What to produce>
All records, minus the pictures: write them out exactly.

Data in this exercise>
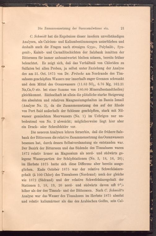 Die neueren Analysen lehren fernerhin, daß die frühere Salzbank der Bitterseen die relative Zusammensetzung des Oceanwassers besessen hat, durch dessen Selbstverdunstung sie entstanden war. Der Bezirk der Bitterseen und das Südende des Timsahsees waren 1872 relativ ärmer an Magnesium als nord- und südwärts gelegene Wasserpartien der Schöpfstationen (No. 3, 18, 16, 20); im Herbste 1875 hatte sich diese Differenz aber bereits ausgeglichen. Ende October 1875 war der relative Schwefelsäuregehalt (ä 100 Chlor) des Timsahsees (Nordrand) noch der gleiche wie 1872 (Südrand) und der relative Schwefelsäuregehalt der Stationen 3, 18, 19, 20 nord- und südwärts davon uih 9°/o höher als der des Timsah- und der Bitterseen. Nach C. Schmidt's Analyse war das Wasser des Timsahsees im Herbste 1875 absolut und relativ kaliumärmer als das des Arabischen Golfes, sein Cal-
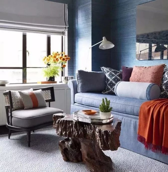 灰打造的世界,像是初晓时分的城市,烟火朦胧,清冷理性。在其中分散性的加入亮蓝色彩,装饰在挂画、靠包以及地毯的印花图案上,清丽的色调穿透性的直面而来,带来一份快意与闲适,也令空间的氛围如涟漪般带着轻微的波动,展现着一分优雅与灵秀。
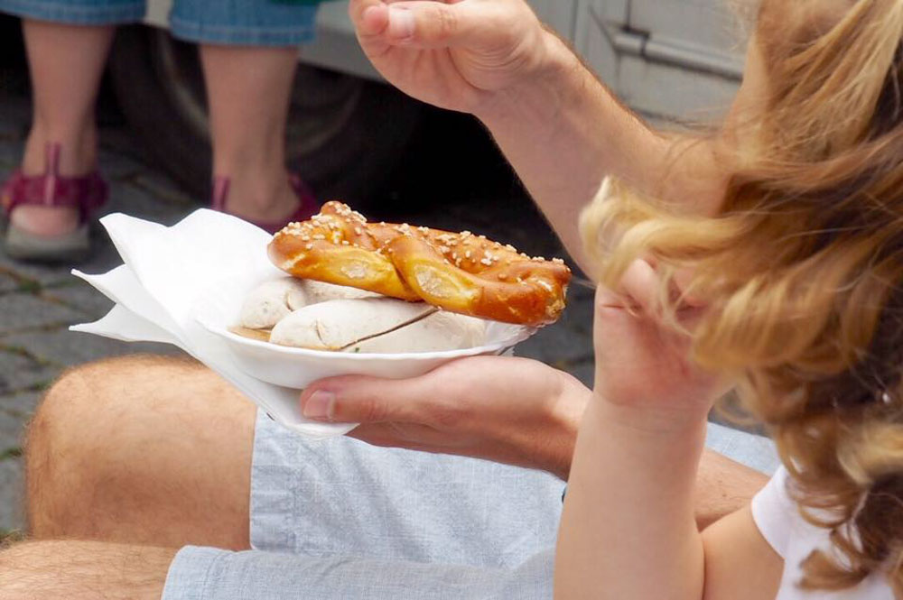 Redet man in Rosenheim von Weißwurstfrühstück, denkt man an Alex (rechts im Bild) und den Lohberger-Stand am Grünen Markt. Er weiß immer (selbst nach Jahren noch) was seine Gäste am liebsten auf dem Würstlteller haben möchten.
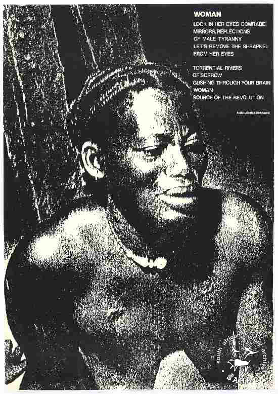 This poster is an offset litho in black. It features a photograph of a woman and the poem "Woman" by Abduraghiem Johnstone. The text, in full, reads: "WOMAN : LOOK IN HER EYES COMRADE : MIRRORS, REFLECTIONS : OF MALE TYRANNY : LET'S REMOVE THE SHRAPNEL : FROM HER EYES : : TORRENTIAL RIVERS : OF SORROW : GUSHING THROUGH YOUR BRAIN : WOMAN : SOURCE OF THE REVOLUTION : ABDURAGHIEM JOHNSTONE"
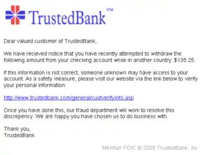 {{cite web}}: External link in(help)|title= - Legon, Jeordan (January 26, 2004). "Phishing scams reel in your identity". CNN. Archived from the original on November 6, 2018. Retrieved April 8, 2006.
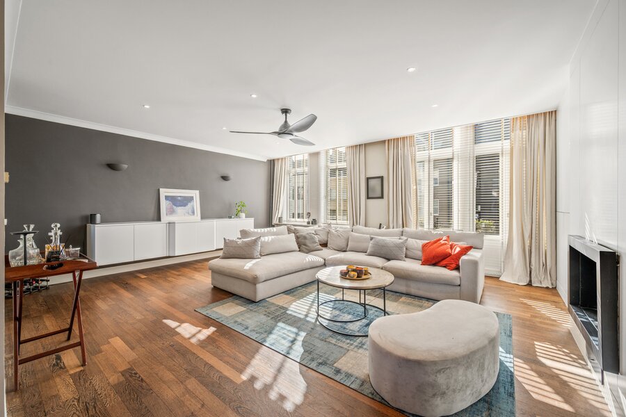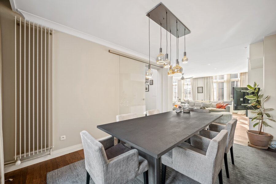 De tweede verdieping biedt een ruime, lichtrijke woonkamer op parketvloer met een open haard. Aansluitend is er een sfeervolle eetkamer en een volledig ingerichte keuken. Achteraan is er op deze verdieping een zeer groot zonnig dakterras met open uitzicht. De derde verdieping heeft drie slaapkamers, waarvan één nu gebruikt wordt als dressing en een badkamer. Op de vierde verdieping is er een zeer grote master bedroom met dressing en luxueuze badkamer en een berging.
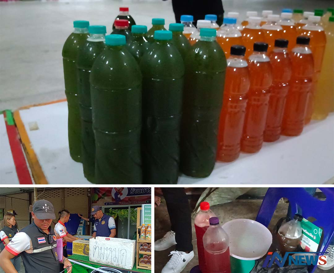 ศรีสะเกษ-ฝ่ายปกครองนำกำลังบุกจับร้านค้าลอบขายน้ำกระท่อมกลางเมืองศรีสะเกษ อึ้งมีทั้งรสชาเขียว-สตอเบอรี่
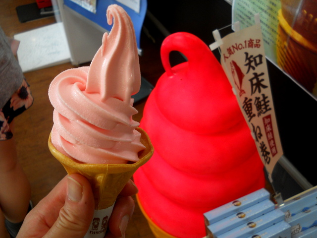 北海道東部の旅行記・その18をお届けさせていただきます・・・フレペの滝から戻る道中、深緑色に輝くセンチコガネさんを見かけました。後で調べたら、北海道のセンチコガネは飛翔能力を失っていて、本州などに生息するものと違い飛ぶことができないという記事を見かけました。・°・。大きな笹の葉にいわゆる「マシンガンホール」とか、ミシン目などと呼ばれる虫喰い穴が空いているのを見つけました。これはまだ葉が丸まっている時に付けられた食み痕だそうです。・°・。再び知床自然センターに戻ってソフトクリームをいただきました。蛍光ピンクに塗られたソフトクリームの看板模型を目にした時、脇に「知床鮭」の 幟(のぼり)が並んでいたので、一瞬、「え゛っ!紅鮭ソフトぉ?!」とびっくりしましたが。。よく見たらコケモモソフトクリームでした(o^-^o)

Answer box>
 Die neueren Analysen lehren fernerhin, daß die frühere Salzbank der Bitterseen die relative Zusammensetzung des Oceanwassers besessen hat, durch dessen Selbstverdunstung sie entstanden war. Der Bezirk der Bitterseen und das Südende des Timsahsees waren 1872 relativ ärmer an Magnesium als nord- und südwärts gelegene Wasserpartien der Schöpfstationen (No. 3, 18, 16, 20); im Herbste 1875 hatte sich diese Differenz aber bereits ausgeglichen. Ende October 1875 war der relative Schwefelsäuregehalt (ä 100 Chlor) des Timsahsees (Nordrand) noch der gleiche wie 1872 (Südrand) und der relative Schwefelsäuregehalt der Stationen 3, 18, 19, 20 nord- und südwärts davon uih 9°/o höher als der des Timsah- und der Bitterseen. Nach C. Schmidt's Analyse war das Wasser des Timsahsees im Herbste 1875 absolut und relativ kaliumärmer als das des Arabischen Golfes, sein Cal-
 灰打造的世界,像是初晓时分的城市,烟火朦胧,清冷理性。在其中分散性的加入亮蓝色彩,装饰在挂画、靠包以及地毯的印花图案上,清丽的色调穿透性的直面而来,带来一份快意与闲适,也令空间的氛围如涟漪般带着轻微的波动,展现着一分优雅与灵秀。
 Redet man in Rosenheim von Weißwurstfrühstück, denkt man an Alex (rechts im Bild) und den Lohberger-Stand am Grünen Markt. Er weiß immer (selbst nach Jahren noch) was seine Gäste am liebsten auf dem Würstlteller haben möchten.
 This poster is an offset litho in black. It features a photograph of a woman and the poem "Woman" by Abduraghiem Johnstone. The text, in full, reads: "WOMAN : LOOK IN HER EYES COMRADE : MIRRORS, REFLECTIONS : OF MALE TYRANNY : LET'S REMOVE THE SHRAPNEL : FROM HER EYES : : TORRENTIAL RIVERS : OF SORROW : GUSHING THROUGH YOUR BRAIN : WOMAN : SOURCE OF THE REVOLUTION : ABDURAGHIEM JOHNSTONE"
 {{cite web}}: External link in(help)|title= - Legon, Jeordan (January 26, 2004). "Phishing scams reel in your identity". CNN. Archived from the original on November 6, 2018. Retrieved April 8, 2006.
 De tweede verdieping biedt een ruime, lichtrijke woonkamer op parketvloer met een open haard. Aansluitend is er een sfeervolle eetkamer en een volledig ingerichte keuken. Achteraan is er op deze verdieping een zeer groot zonnig dakterras met open uitzicht. De derde verdieping heeft drie slaapkamers, waarvan één nu gebruikt wordt als dressing en een badkamer. Op de vierde verdieping is er een zeer grote master bedroom met dressing en luxueuze badkamer en een berging.
 ศรีสะเกษ-ฝ่ายปกครองนำกำลังบุกจับร้านค้าลอบขายน้ำกระท่อมกลางเมืองศรีสะเกษ อึ้งมีทั้งรสชาเขียว-สตอเบอรี่
 北海道東部の旅行記・その18をお届けさせていただきます・・・フレペの滝から戻る道中、深緑色に輝くセンチコガネさんを見かけました。後で調べたら、北海道のセンチコガネは飛翔能力を失っていて、本州などに生息するものと違い飛ぶことができないという記事を見かけました。・°・。大きな笹の葉にいわゆる「マシンガンホール」とか、ミシン目などと呼ばれる虫喰い穴が空いているのを見つけました。これはまだ葉が丸まっている時に付けられた食み痕だそうです。・°・。再び知床自然センターに戻ってソフトクリームをいただきました。蛍光ピンクに塗られたソフトクリームの看板模型を目にした時、脇に「知床鮭」の 幟(のぼり)が並んでいたので、一瞬、「え゛っ!紅鮭ソフトぉ?!」とびっくりしましたが。。よく見たらコケモモソフトクリームでした(o^-^o)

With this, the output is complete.